Second, the first version of Hive didn’t support ACID transactions and full-table updates, risking the database to get into an inconsistent state. Fortunately, this issue has been addressed in later versions. In “Emergence of Open Table Formats”, I’ll come back to this point when we cover the Delta table format.
Third, MapReduce can be quite slow. At every stage of processing, data is read from and written back to the disk. This process of disk seeking is time-consuming and significantly slows down the overall operation. This performance issue5 is a nice transition to Apache Spark, which tries to overcome this performance challenge.
Spark project
MapReduce, despite its benefits, presented certain inefficiencies, particularly when it came to large-scale applications. For instance, a typical machine learning algorithm might need to make multiple passes over the same dataset, and each pass had to be written as a unique MapReduce job. These jobs had to be individually launched on the cluster, requiring the data to be loaded from scratch each time.
To address these challenges, researchers at UC Berkeley initiated a research project in 2009 to explore ways to speed up processing jobs in Hadoop systems. They developed an in-memory computing framework known as Spark. This framework was designed to facilitate large-scale data processing more efficiently by storing data in memory rather than reading it from disk for every operation. This team also developed Shark6, an extension of Spark designed to handle SQL queries, thereby enabling more interactive use by data scientists and analysts. Shark’s architecture was based on Hive. It converted the physical plan generated by Hive into an in-memory program, enabling SQL queries to run significantly faster (up to 100 times) than they would on Hive using MapReduce.
As Spark evolved, it became apparent that incorporating new libraries could greatly enhance its capabilities. Consequently, the project began to adopt a “standard library”7 approach. Around this time, the team began to phase out Shark in favor of Spark SQL, a new component that maintained compatibility with Hive by using the Hive Metastore.
However, the speed improvements offered by Spark come with certain preconditions. For instance, Spark needs to read data from the disks to bring it into memory, and this is not an instantaneous process. So, after data is written to the Hadoop Distributed File System (HDFS), an additional loading process is required to read it from the disks and bring it into Spark’s memory.
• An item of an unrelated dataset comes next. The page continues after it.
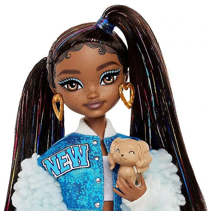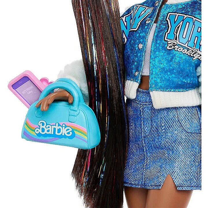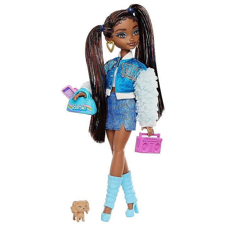 Accessories included - Lalka Barbie Dream Besties "Brooklyn w kurtce, dżinsowej spódniczce, getrach i bucikach Lampa pierścieniowa Tablet Komórka Etui na komórkę Boombox Figurka szczeniaczka Torba sportowa Akcesorium

This principle still holds true today. For example, when restarting the cluster: all in-memory data is lost, and the data must be reloaded to regain the speed benefits. For building modern architectures this means that there’s typically a startup time before resources become available, and during this period, data isn’t immediately present in Spark. The data only becomes readily available for quick usage when querying and/or caching processes are initiated.
Moving Forward
So, what can we learn from data lakes and their evolution? Let’s consider a few key points.
Data lakes, powered by Hadoop, are robust solutions for storing massive volumes of raw data in various formats, both structured and unstructured. This data is readily available for processing in data science and machine learning applications, accommodating data formats that a traditional data warehouse cannot handle. Unlike traditional data warehouses, data lakes are not restricted to specific formats. They rely on open-source formats like Parquet, which are widely recognized by numerous tools, drivers, and libraries, ensuring seamless interoperability. Moreover, many of the core concepts, such as external and managed tables, still exist in modern data architectures.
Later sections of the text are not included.